BACKGROUND AND AIMS: Hepatolithiasis is prevalent in southeast Asia and presents a difficult management problem. Acute repeated episodes of cholangitis are frequently manifested in patients with hepatolithiasis. Without proper treatment, such infection can lead to liver abscess, secondary biliary cirrhosis, portal hypertension, and death from sepsis or hepatic failure. In addition to clearance of the stones and relief of bile stasis either by surgery or by interventional radiologic manipulation, effective antimicrobial therapy also plays a crucial role in the treatment of patients with hepatolithiasis. The aim of this study is to clarify the bacteriology in hepatolithiasis and to provide the information for an appropriate antimicrobial choice.

METHODS: From July 1993 to June 1996, 150 patients with hepatolithiasis underwent surgical intervention. Bile specimens were routinely obtained by syringe aspiration from common bile duct. The syringe was immediately capped, and the bile was subsequently cultured for both aerobes and anaerobes.

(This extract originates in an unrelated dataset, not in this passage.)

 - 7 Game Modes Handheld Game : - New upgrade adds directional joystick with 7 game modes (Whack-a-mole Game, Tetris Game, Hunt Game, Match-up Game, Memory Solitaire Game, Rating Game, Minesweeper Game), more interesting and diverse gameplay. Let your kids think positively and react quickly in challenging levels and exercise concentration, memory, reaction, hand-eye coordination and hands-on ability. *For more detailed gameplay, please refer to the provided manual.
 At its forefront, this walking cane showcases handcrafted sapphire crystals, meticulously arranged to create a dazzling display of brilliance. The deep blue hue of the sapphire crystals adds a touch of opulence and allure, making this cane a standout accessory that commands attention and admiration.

RESULTS: Bacteria were present in the bile of all patients. The bacteria most frequently found were gram-negative bacteria such as Klebsiella sp, Escherichia coli, and Pseudomonas sp, and the gram-positive Enterococcus sp. Bacteroides sp were the most frequently found anaerobes.

CONCLUSIONS: This study demonstrated the close relationship between acute cholangitis in hepatolithiasis and enteric bacteria and also displayed the detailed antibiotic sensitivity results. Armed with this fruitful information, we believe the antibiotic treatment for acute cholangitis in hepatolithiasis should first aim at enteric bacteria and be adjusted later according to the results of bacteriologic cultures and clinical situation to achieve an effective microbial control.